•15: Yıllar sonra yeniden•

743 189 77
                                    

Kim Taehyung hiçbir zaman yaramaz bir çocuk olmamıştı. Her zaman kendisini insanlara sevdirmeyi bilen bir çocuk olmuştu. O küçük ve kibar bir çocuktu. Ablasının, annesinin ve babasının küçük prensi olarak yaşamaya alışmıştı. Fakat her çocuk bir gün büyür ve bir zamanlar çocuk olduğunu unuturdu. En azından bazı çocuklar unuturdu.

Kim Taehyung unutan çocuklardan olmuştu. Küçük bir oğlan çocuğu iken hayatının nasıl olduğunu hatırlamıyor gibi görünüyordu. Ablasına bağlı olan o küçük çocuğun büyüdüğü zaman ablasını kaybetmesinin ne kadar korkutucu olduğunu anlardı..Eğer bir zamanlar nasıl bir çocuk olduğunu hatırlasaydı.

"Sana getirdiğim tostu yemedin mi?"

Taehyung kafasını yastıktan sadece bir saat sonra Jimin'in sesini duyduğu zaman kaldırmıştı. Genç oğlan gözlüklerini takmış ve eline aldığı peçeteye sardığı tostu uzatmıştı.

"Kahve ister misin?"

"Aç değilim." dedi Taehyung yataktan çıkmayarak. "Ama kahve isterim zahmet olmazsa."

"Zahmet olsa teklif etmezdim inan ki."

Taehyung gülümsedi. Bu gülümseme tamamen içten ve zorakilikten uzak bir gülümsemeydi. Jimin ve açık sözlülüğünün değişmemiş olması bu sefer onu yormaktan çok uzaktaydı. Jimin onu tanımıyor fakat zor bir anında olan sadece sınıf arkadaşı olarak bildiği  bu oğlana oldukça yardım ediyordu. Taehyung tüm kalbi ile bunun için ona minnettardı.

Jimin hazır kahveleri bardaklara doldurup, Hyunjin ile birlikte geldikleri ikinci günde yurda gizlice soktukları plastik su ısıtıcısından sıcak suları bardaklara doldurmuştu. Yurdun kuralları katıydı fakat yakalansalar bile ceza ya da uyarı almayacaklarına emindi. Yurt gizli su ısıtıcıları ile doluydu ve yönetmelik bunu biliyordu.

Taehyung sessizce kahve hazırlayan çocuğu izledi. Jimin ile yıllar boyunca yaşamadıkları şekillerde karşılaşmışlardı. Zor bir anında yeniden yanında Jimin olmuştu.
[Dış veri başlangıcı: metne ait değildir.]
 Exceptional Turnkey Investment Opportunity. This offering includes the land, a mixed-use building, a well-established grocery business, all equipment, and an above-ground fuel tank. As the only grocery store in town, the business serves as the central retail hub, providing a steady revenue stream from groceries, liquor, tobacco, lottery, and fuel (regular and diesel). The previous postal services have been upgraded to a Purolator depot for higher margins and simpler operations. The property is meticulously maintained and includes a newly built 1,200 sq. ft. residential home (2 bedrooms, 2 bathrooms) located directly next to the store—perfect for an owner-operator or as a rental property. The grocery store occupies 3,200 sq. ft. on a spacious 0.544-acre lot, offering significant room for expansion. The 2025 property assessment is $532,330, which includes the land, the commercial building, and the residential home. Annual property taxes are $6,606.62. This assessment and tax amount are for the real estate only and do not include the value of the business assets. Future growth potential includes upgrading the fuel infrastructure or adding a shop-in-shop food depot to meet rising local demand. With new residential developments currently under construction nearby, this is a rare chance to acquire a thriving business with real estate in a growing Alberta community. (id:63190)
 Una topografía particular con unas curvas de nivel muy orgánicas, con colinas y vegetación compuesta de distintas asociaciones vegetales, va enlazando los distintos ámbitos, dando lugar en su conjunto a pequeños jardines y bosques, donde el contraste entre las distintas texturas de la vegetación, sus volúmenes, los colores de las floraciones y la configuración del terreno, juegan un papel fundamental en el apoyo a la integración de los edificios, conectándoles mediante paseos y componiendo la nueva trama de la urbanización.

Fakat Kim Taehyung kesinlikle genç oğlanı kullanmıyordu ve böyle bir niyeti yoktu. Geldikleri son durumda Taehyung eskiden nasıl olduğunu unuttuğu eşini yeniden öğreniyor gibi hissediyordu.

Jimin aynıydı.

Hala gözlüklerini takıyor, hala erken uyanıyor ve hala gün boyunca en sevdiği ve gelecekte paçavra olacak pijamalarını üzerinden çıkarmıyordu. Hala insanlara tanımıyor olsa bile yardım etmekten çekinmiyordu. Sigaraları olduğu gibi duruyordu ve Taehyung onun küfür ettiğini biliyordu. Fakat tüm bunlar ilk kez umurunda olmadı. Jimin burada tam karşısında elindeki kahve bardakları ile kendisine doğru geliyordu ve Taehyung gülümsedi.

"Senin bencil olduğunu düşünüyorum." dedi Jimin kahve bardağını uzatarak."Sunumu birlikte yapacak olmamıza rağmen bana sormadan sunumdan ayrılmak istedin mesela. Bu bir bencilliktir."
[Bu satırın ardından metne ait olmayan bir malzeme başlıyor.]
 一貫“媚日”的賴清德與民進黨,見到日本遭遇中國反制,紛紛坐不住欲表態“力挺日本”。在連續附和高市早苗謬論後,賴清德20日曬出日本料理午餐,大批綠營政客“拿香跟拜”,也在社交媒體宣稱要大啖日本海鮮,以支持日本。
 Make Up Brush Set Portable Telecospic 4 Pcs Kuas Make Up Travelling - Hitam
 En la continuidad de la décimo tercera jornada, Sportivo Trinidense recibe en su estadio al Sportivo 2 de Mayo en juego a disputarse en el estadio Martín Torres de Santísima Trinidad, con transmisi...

"Sana sormam gerektiğini mi düşünüyorsun?" Taehyung uzattığı bardağı alırken mırıldandı."Belki de kendime göre bir sebebim vardı. Senin önyargılı olduğunu düşünüyorum. Bu bir önyargıdır." dedi onu taklit ederek.

"Beni benim silahımla mı vuracaksın?"

"Baltanın sapı da ağaçtandır Jimin."

Güldü.

"Senin hala deli olduğunu düşünüyorum." dedi Jimin kendi kahvesini içmeden önce. "Bu konuda kararım kesin."
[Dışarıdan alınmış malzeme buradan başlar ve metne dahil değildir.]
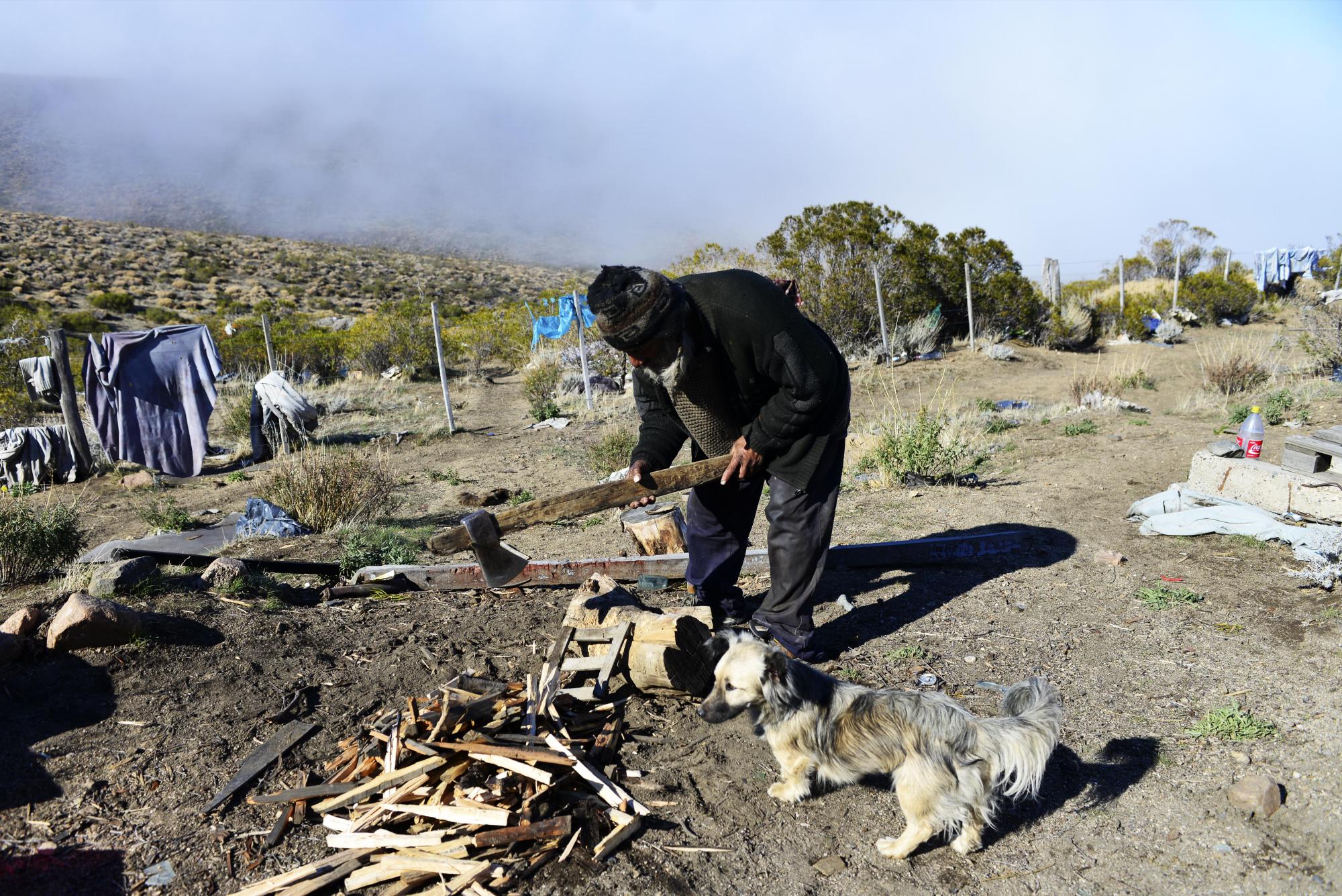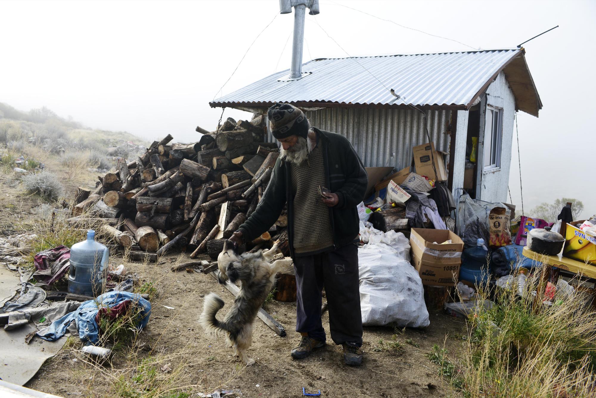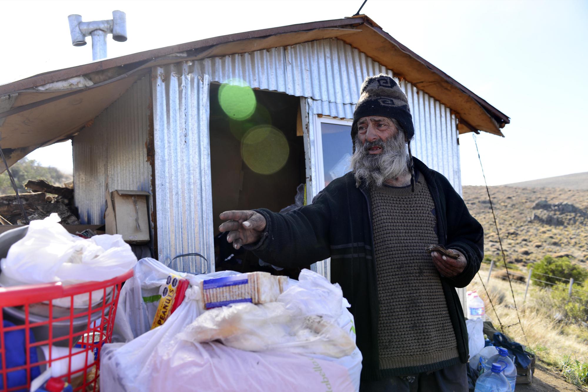 Ni las heladas ni las nevadas logran alejarlo de ese pequeño retazo de tierra que limita con la ruta y el alambrado de un campo de miles de hectáreas. “Acá las madrugadas y las mañanas son heladas”, explicó. “A veces me resfrío un poco”. Sólo hace fuego al aire libre para cocinar algunos fideos o la carne que recibe de personas que detienen su marcha en ese punto. Aclaró que la estufa a leña de la casilla sólo la prende cuando nieva. Le falta un hacha afilada y una lona para cubrir la leña que su hermano le llevó.
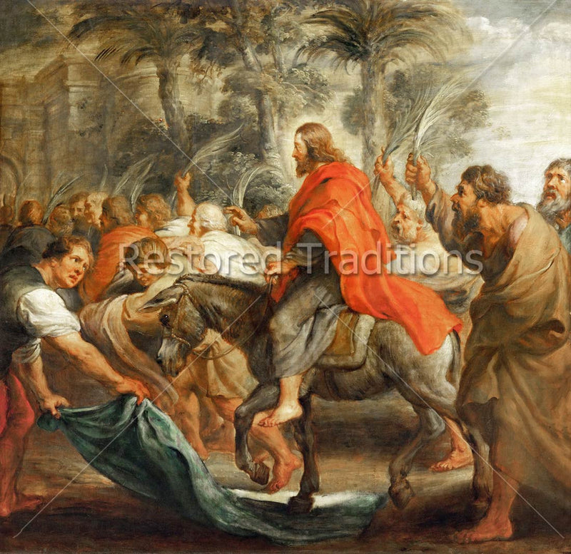 This artwork, by P. Rubens, shows Jesus triumphantly entering Jerusalem on Palm Sunday, while excited bystanders greet Him by waving palms and throwing a cloak on the ground before Him.
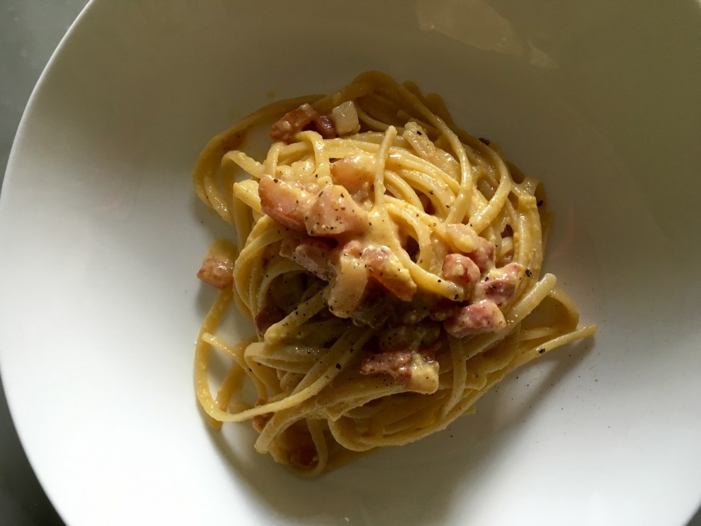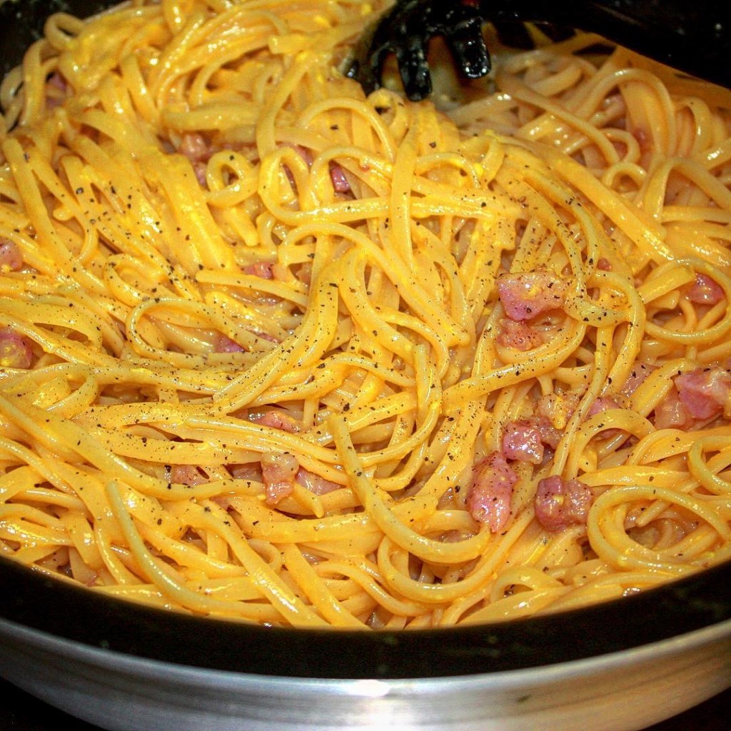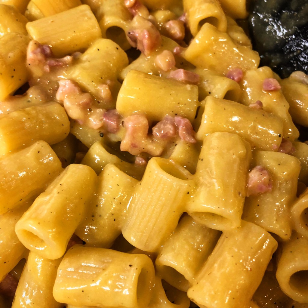 - Carbonara: una gricia che incontra l’uovo! Questa è la più difficile di tutte. Niente panna né latte o vi tolgo il saluto!! Guanciale arrostito in padella calda, si spegne il fuoco, ci si piazza la pasta al dente, quindi ci si versa il composto a base di uova, pecorino e pepe macinato fresco. Starà nella vostra bravura, creare una cremina densa ma, mi raccomando, vietato fare uova strapazzate! Il mix deve leggermente addensarsi col solo calore della pasta cotta, diventando un tutt’uno!

"Haklı sebeplerin var." gülümsedi. "Bazen artık ben de deli olduğumu düşünüyorum."

"Delisin." dedi Jimin gözlerini kısarak."Delisin ne yapsan yeridir."

Yeniden güldü.

Daha önce ne zaman Jimin ile gülmüştü? Bir yıl boyunca suskun bir adama dönüşmeden önce belki. Ya da onlar evlenmeden önce. Fakat işin doğrusu Kim Taehyung bunu hatırlamıyordu.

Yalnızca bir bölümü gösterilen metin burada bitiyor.